● Assignment
Every entry in the data is to be written out exactly; no picture belongs in the copy.
*** Opening of Exercise input ***
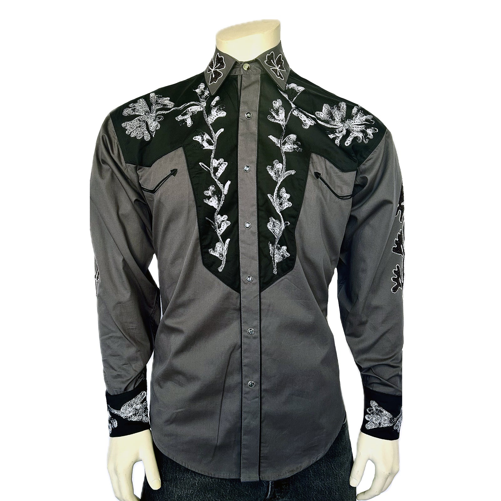 This wonderful vintage western shirt design is our popular 2-tone model. Its inspired by our 1940s original. It features genuine hand chenille embroidery, accent piping and Smile pockets with embroidered arrows. Fabric is year around weight 100% cotton gabardine twill. Imported.
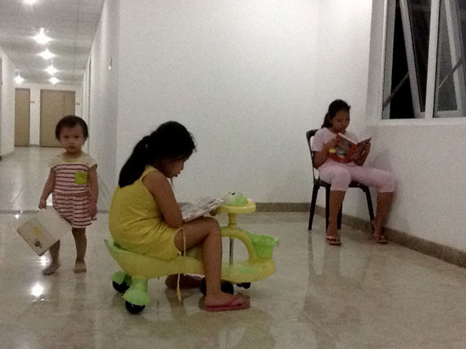 Trẻ em sinh hoạt tại một góc chung cư Bảy Hiền Tower. Ảnh: Tiến Long
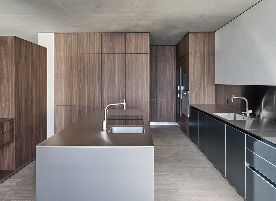 La maison est organisée et distribuée verticalement par un escalier discret, intégré dans un noyau vertical éclairé naturellement par un lanterneau, qui jouxte la circulation principale. Sur chacun des trois niveaux de vie, la figure de la circulation se répète pour distribuer les espaces de manière rayonnante et semblable.
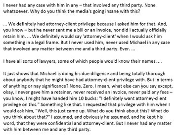 Michael Cohen has never represented me in any matter. I never retained him, received an invoice, or paid legal fees. I have occasionally had brief discussions with him about legal questions about which I wanted his input and perspective.
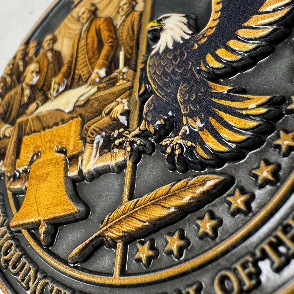 Crafted with high quality materials and detailed engraving, this challenge coin is built to last for generations. It makes a perfect gift, a display piece, or a keepsake to pass down as a reminder of what this country stands for.
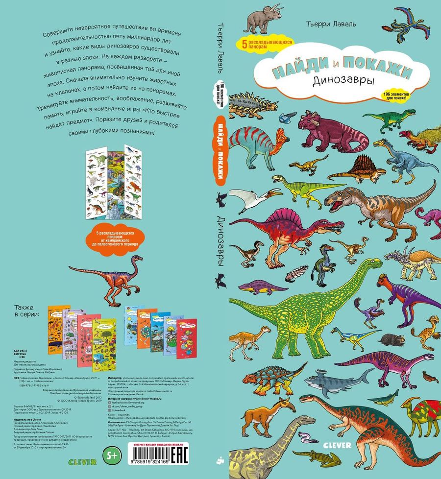 • Книга «Найди и покажи. Динозавры» — это 5 раскладывающихся панорам и 196 предметов для поиска!
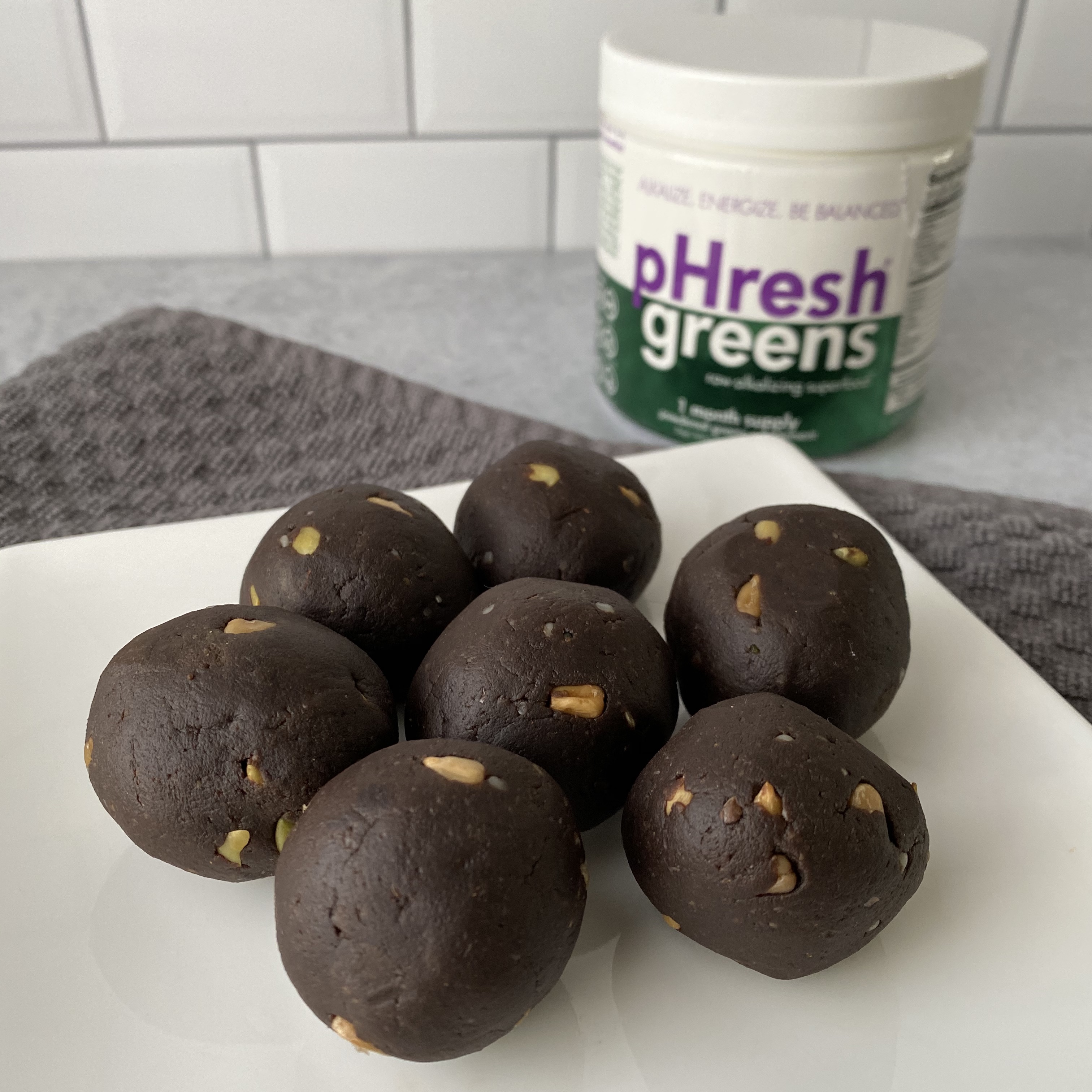 Sometimes you just don’t want to snack on veggie sticks, but you still want the benefits they provide. Turns out you can have your cake and eat it too. The “surprise” part of these energy bites are the pHresh greens. I buy mine through vitacost, and they are well worth the investment.
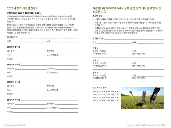 2023 년 GLENVIEW PARK 골프 클럽 정기 티타임 요일 / 시간 선호도 시트
*** Close of Exercise input ***
● Answer space
 This wonderful vintage western shirt design is our popular 2-tone model. Its inspired by our 1940s original. It features genuine hand chenille embroidery, accent piping and Smile pockets with embroidered arrows. Fabric is year around weight 100% cotton gabardine twill. Imported.
 Trẻ em sinh hoạt tại một góc chung cư Bảy Hiền Tower. Ảnh: Tiến Long
 La maison est organisée et distribuée verticalement par un escalier discret, intégré dans un noyau vertical éclairé naturellement par un lanterneau, qui jouxte la circulation principale. Sur chacun des trois niveaux de vie, la figure de la circulation se répète pour distribuer les espaces de manière rayonnante et semblable.
 Michael Cohen has never represented me in any matter. I never retained him, received an invoice, or paid legal fees. I have occasionally had brief discussions with him about legal questions about which I wanted his input and perspective.
 Crafted with high quality materials and detailed engraving, this challenge coin is built to last for generations. It makes a perfect gift, a display piece, or a keepsake to pass down as a reminder of what this country stands for.
 • Книга «Найди и покажи. Динозавры» — это 5 раскладывающихся панорам и 196 предметов для поиска!
 Sometimes you just don’t want to snack on veggie sticks, but you still want the benefits they provide. Turns out you can have your cake and eat it too. The “surprise” part of these energy bites are the pHresh greens. I buy mine through vitacost, and they are well worth the investment.
 2023 년 GLENVIEW PARK 골프 클럽 정기 티타임 요일 / 시간 선호도 시트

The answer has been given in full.